Lab 11

In this lab, we will work together on some tasks related to parallelization of the famous Traveling Salesperson Problem (TSP).

You can find the link to follow to set up your GitHub repository tsp-lab-yourgitname for this Lab in Canvas. One member of the group should follow the link to set up the repository on GitHub, then that person should email the instructor with the other group members' GitHub usernames so they can be granted access. This will allow all members of the group to clone the repository and commit and push changes to the origin on GitHub. At least one group member should make a clone of the repository to begin work.

Your initial repository should include the source code described in Section 6.2 of Pacheco related to the text's TSP implementations.

We will look at the first part of Section 6.2 of Pacheco, pages 299-306, and study the implementations in tsp_rec.c, tsp_iter1.c and tsp_iter2.c.

The input to these programs is a file describing a directed graph, where the edge weight in row r, column c is the cost to travel from place number r to place number c. Costs are integers. Places are defined only by number.

Example files are in a public repository that you should fork into your own GitHub account, then clone onto the computer(s) where you are working on this project. This repository also includes a C program you can use to create input files of any size for the Pacheco TSP program using METAL data from .tmg files.

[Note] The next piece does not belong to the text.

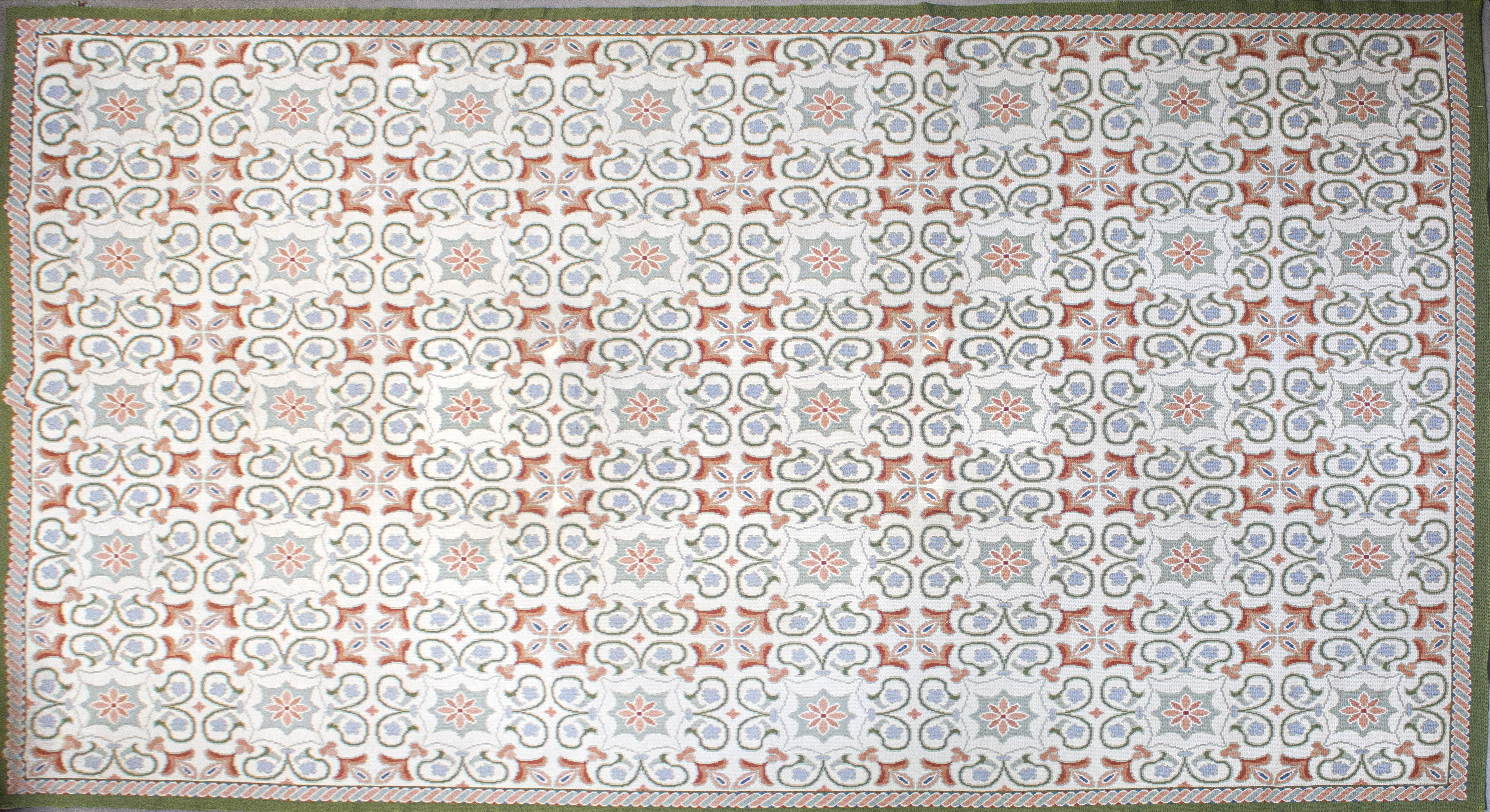 Laine à décor de motifs géométriques et stylisés sur fond beige, 420x285 cm

Question 1: Bonus only: For 5 bonus points, add two new datasets to this repository. Keep them fairly small, say between 8 and 20 places. Be creative! The places do not need to be cities and edge costs do not need to be miles (or even be distances). You could do rooms within a building, buildings on a campus, houses in a neighborhood, anything really. It would be nice to get some more variety. You will commit and push your new files to your fork of the repository, then submit a pull request to have them pulled into the origin.

Question 2: Pacheco Exercise 6.17, p. 345. (6 points)

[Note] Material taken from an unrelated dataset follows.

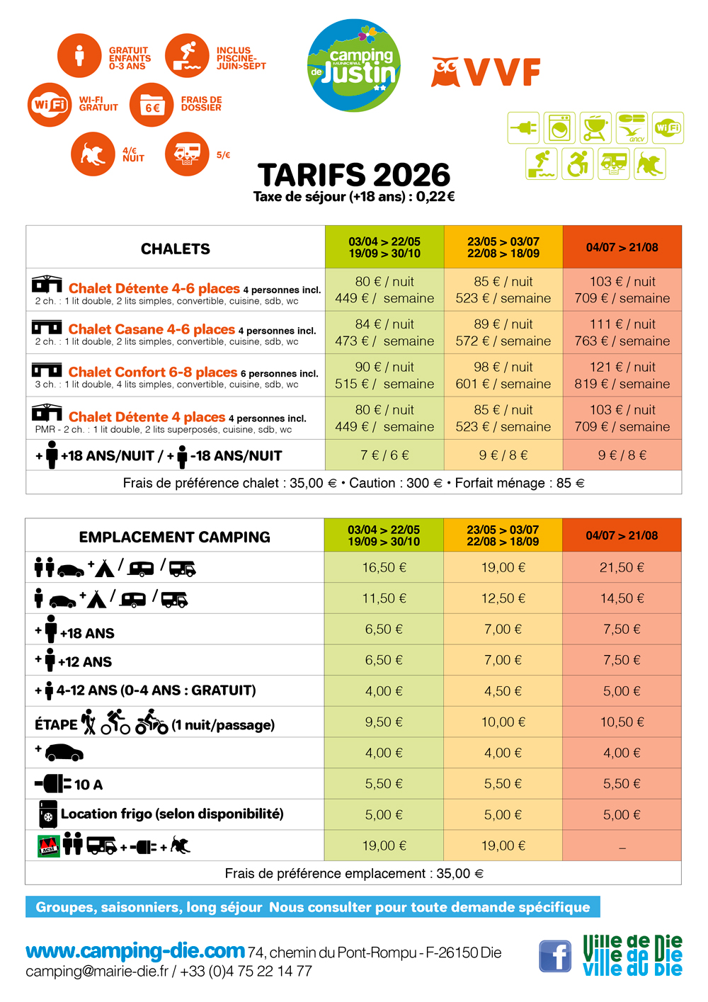 Afin de vous offrir la navigation la plus adaptée à vos besoins, nous souhaitons utiliser des cookies sur ce site avec votre consentement. En cliquant sur le bouton « Les accepter tous », vous acceptez le dépôt de l’ensemble des cookies, utilisés par Camping municipal de Justin, sur votre terminal. Ces cookies servent à des fins de suivi statistiques et fonctionnements techniques pour améliorer votre visite sur notre site. Vous pouvez les refuser en cliquant sur « Je refuse » ou « Voir les préférences » ou vous rendre sur la page politique de gestion des cookies pour plus d’informations et paramétrer vos choix selon les cookies.

Run each of the three serial versions of the program on several problems of size 10 to 15, including some different inputs of the same size.

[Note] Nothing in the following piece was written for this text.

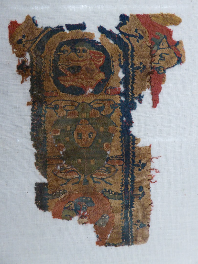 Koptisch weefsel met drie medaillons in blauw, groen, rood met putto en kop

Question 3: Are the times you see consistent with the results in Pacheco Section 6.2.4 and Table 6.7? Briefly explain the relative run times of each of the three versions. (10 points)

Question 4: Based on your timings you observed for these small cases, about how long would you expect each serial implementation to take to compute a TSP solution for 16 places? For 20 places? For 40 places? (3 points)

We will look at the next part of Section 6.2 of Pacheco, pages 306-315, and study the implementations in pth_tsp_stat.c and pth_tsp_dyn.c.

Question 5: Pacheco Exercise 6.18, p. 345-346. Only answer the "Why" question; you need not do the code modifications in (a) and (b). (3 points)

Question 6: Pacheco Exercise 6.20, p. 346. Only answer the questions; you need not do the implementations. (6 points)

Question 7: Run each pthreads implementation (the static and the dynamic) for 1, 2, 4, 8, 16, 32, and 64 threads on a Stampede2 node, using a problem size such that the single-thread version runs for at least 3 minutes. Present and analyze your timing results. Note that the dynamic version takes a 3rd command-line parameter which is the minimum size at which to split the stack. You can use 10 for this value. (10 points)

Finally, we'll look at the part of Section 6.2 of Pacheco relating to the MPI implementation of TSP, pages 319-341, and study the implementations in mpi_tsp_stat.c and mpi_tsp_dyn.c.

Question 8: Find three different parts of the code where the pthreads version was able to take advantage of shared memory and study how the MPI version handles that case with distributed memory. Discuss the costs in terms of code complexity, overhead of replicated data, and overhead of communication. (10 points)

Question 9: Run each MPI implementation (the static and the dynamic (you may omit dynamic runs if you get runtime errors on these)) on 1, 2, 4, 8, 16, 32, and 64 nodes on Stampede2 with 64 processes per node (so your MPI_Comm_size should be 64, 128, 256, ..., 4096), using a problem size such that the single-thread version runs for at least 5 minutes. Present and analyze your timing results. (10 points)

Question 10: What size input would you expect to run for about a day on a single process with a single thread on a Stampede2 production node? (2 points)

Question 11: Run the dynamic partitioning MPI implementation on a problem of the size you came up with for the previous question. Run it on enough Stampede2 production nodes (with 64 processes per node) so that you would expect the run time to be around 3 minutes with perfect parallel efficiency. Present and analyze your timing results. (10 points)

Feature	Value	Score
New datasets (up to +5 bonus)	0
Q1, Ex. 6.17	6
Q2	10
Q3	3
Q4, Ex. 6.18	3
Q5, Ex. 6.20	6
Q6	10
Q7	10
Q8	10
Q9	2
Q10	10
Total	70